For the reasons stated herein, defendants’ motion for leave to amend the pleadings is granted.

Amendment of the Pleadings under Rule 15(a)

Rule 15(a) provides that when a party seeks leave to amend the pleadings, “leave shall be freely [granted] when justice so requires”. In practice, courts have freely granted leave to amend unless the proposed change is clearly frivolous or advances a claim or defense that is clearly meritless. See Johnson v. Partrederiet Brovigtank, 202 F.Supp. 859 (S.D.N.Y.1962). The question then is whether there is any possible merit to defendants’ proposed collateral estoppel defense.

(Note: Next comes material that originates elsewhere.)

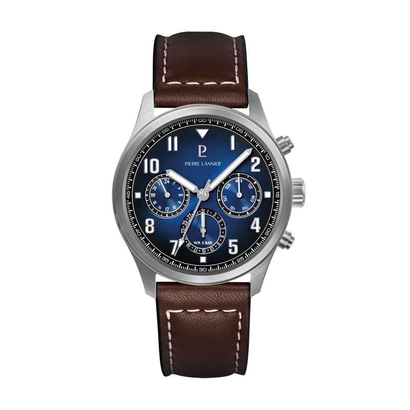 Montre Homme PIERRE LANNIER AVIATEUR Argenté Cadran Bleu Bracelet Cuir Brun 22 MM 257H164

The Defense of Collateral Estoppel

Under the doctrine of collateral estoppel, “certain questions actually litigat *34 ed and determined in one action are precluded from relitigation in a later action when the issues arise anew, even in a suit on a different cause of action.” Rosenberg, Collateral Estoppel in New York, 44 St. John's L.R. 165, 166 (1969). In diversity cases, federal courts apply state law to determine the applicability of collateral estoppel to a given set of facts. Ritchie v. Landau, 475 F.2d 151 (2d Cir. 1973). In New York, in order for collateral estoppel to apply, “There must be an identity of issue which has necessarily been decided in the prior action and is decisive of the present action, and . . . there must have been a full and fair opportunity to contest the decision now said to be controlling.” Schwartz v. Publ. Admin, of Co. of Bronx, 24 N.Y.2d 65, 71, 298 N.Y.S.2d 955, 960, 246 N.E.2d 725 (1969).

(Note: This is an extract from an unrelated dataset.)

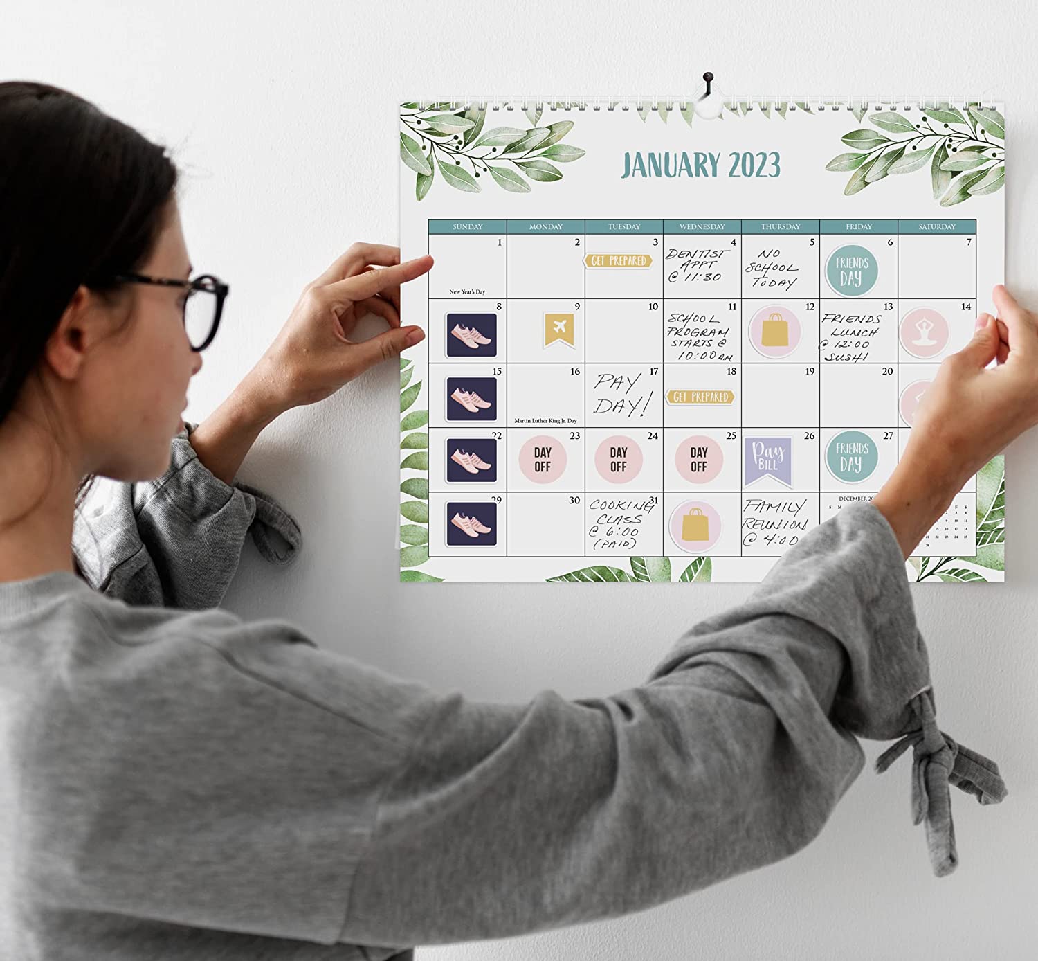 • Be Organized & Stay On Top Of Things: With the gorgeous greenery wall calendar (14.5" x 11.5") planning ahead & boosting your productivity is super easy! See all appointments, deadlines, birthdays, US holidays & other dates (Valentine’s Day, lovebirds!) at a glance

Long before the enactment of the No Fault statute, New York courts had held that collateral estoppel applies to issues decided in arbitration proceedings when the arbitration award has been entered as a judgment. Springs Cotton Mills v. Buster Boy Suit Co., 275 App.Div. 196, 88 N.Y.S.2d 295, aff’d 300 N.Y. 586, 98 N.E.2d 877 (1949). Plaintiffs urge, however, that applying this general rule to No Fault arbitrations would discourage such arbitration and frustrate the legislature’s intent to provide an expeditious, relatively informal proceeding. Yet, plaintiffs point to no evidence that the legislature intended to treat No Fault arbitrations differently than other arbitrations; indeed an examination of the legislative scheme supports the opposite conclusion.

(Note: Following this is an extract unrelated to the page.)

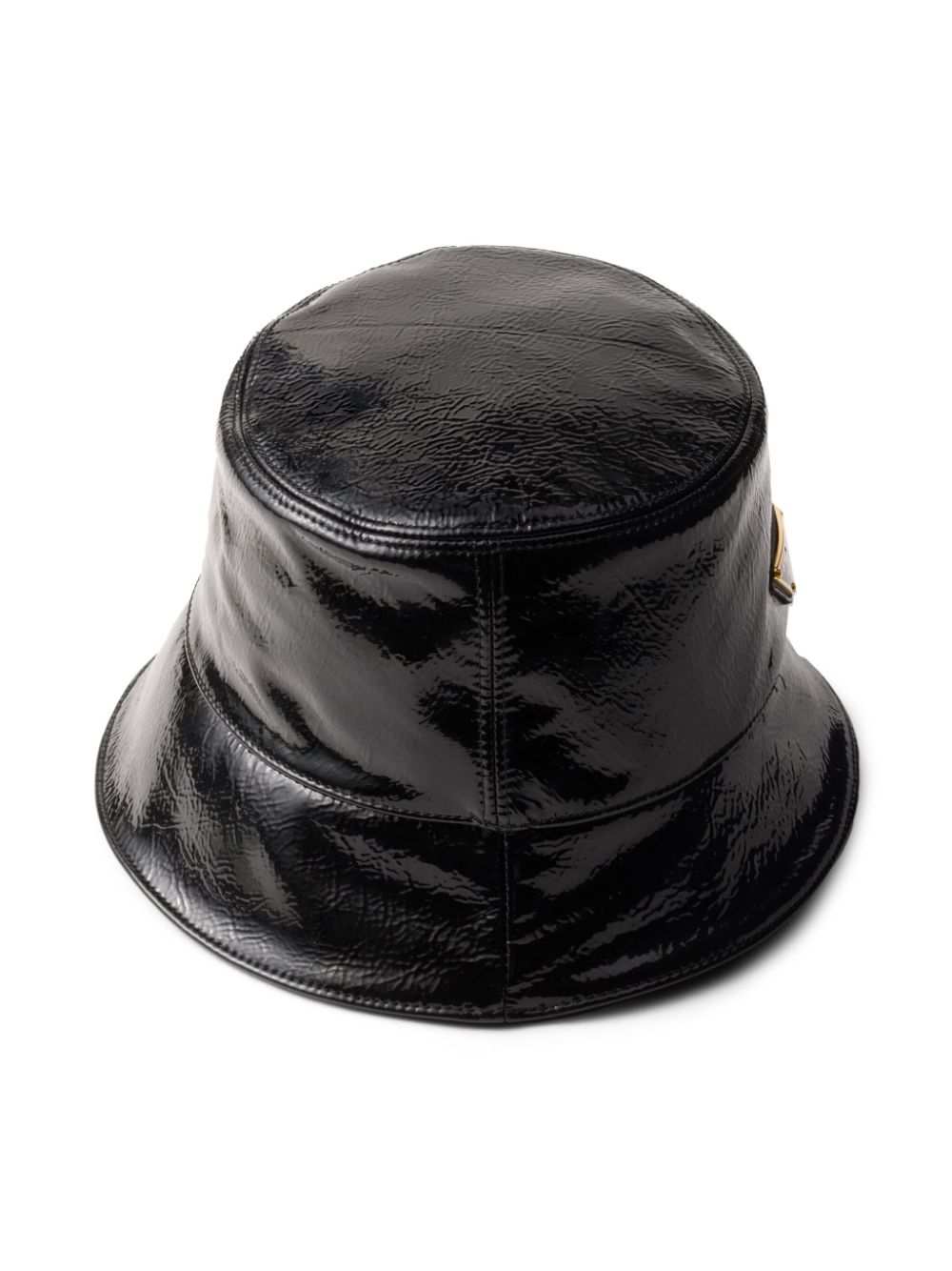 black calf leather patent finish enamel triangle logo flat crown dropped wide brim

There is very little judicial authority on whether, because of the special nature of the No Fault law, arbitrators’ awards should not be given collateral estoppel effect in judicial proceedings. Although defendant cites In re Gov’t Employees Ins. Co. v. Kozlowski, 62 A.D.2d 1056, 404 N.Y.S.2d 150 (1978), that case involved the issue of whether the decision of the arbitrator on a particular issue should be given collateral estoppel effect in a subsequent arbitration proceeding.

In American Ins. Co. v. Messinger, 43 N.Y.2d 184, 401 N.Y.S.2d 36, 371 N.E.2d 798 (1977), a case in which a personal injury suit followed a property damage arbitration, the arbitrator had disallowed a disclaimer of coverage by one of the insurers. The court ruled in the subsequent personal injury action that the insurance company could not relitigate its right to disclaim coverage. Although there are important distinctions from this case, Messinger suggests that collateral estoppel principles are applicable in the No Fault arbitration context.

More importantly, the No Fault statutory scheme suggests that an arbitrator’s decision is generally to be given preclusive effect. Section 675 of the No Fault law provides claimants with the option of settling their disputes through arbitration. Chapman v. American Motorists Ins. Co., 388 N.Y.S.2d 80, 81, 88 Misc.2d 115 (Sup.Ct. Rensselaer Cty. 1976). In the alternative claimants may bring a personal injury action. Under the plain meaning of the statute, however, once parties resort to arbitration, the decision of the arbitrator is binding except under narrowly defined circumstances.

Under section 675(2), an arbitrator’s decision is binding except when vacated or modified by a master arbitrator. The master arbitrator has broad discretion in reviewing the arbitrator’s decision and the decision of the master arbitrator is binding unless application to vacate or modify is made under section 7511 of the New York Civil Practice Law and Rules (“CPLR”). Grounds for vacating the award include prejudice to the parties caused by corruption, fraud, or partiality of the master arbitrator. CPLR § 7511(b)(1) (McKinney). The award may be modified if it was miscalculated, and under other limited circumstances. See CPLR § 7511(c). Section 675 also contains the following proviso: “Where the amount of such master arbitrator’s award is five thousand dollars or greater, exclusive of interest and attorney’s fees, the insurer or the claimant may institute an action in a court of competent jurisdiction to adjudicate the dispute de novo.”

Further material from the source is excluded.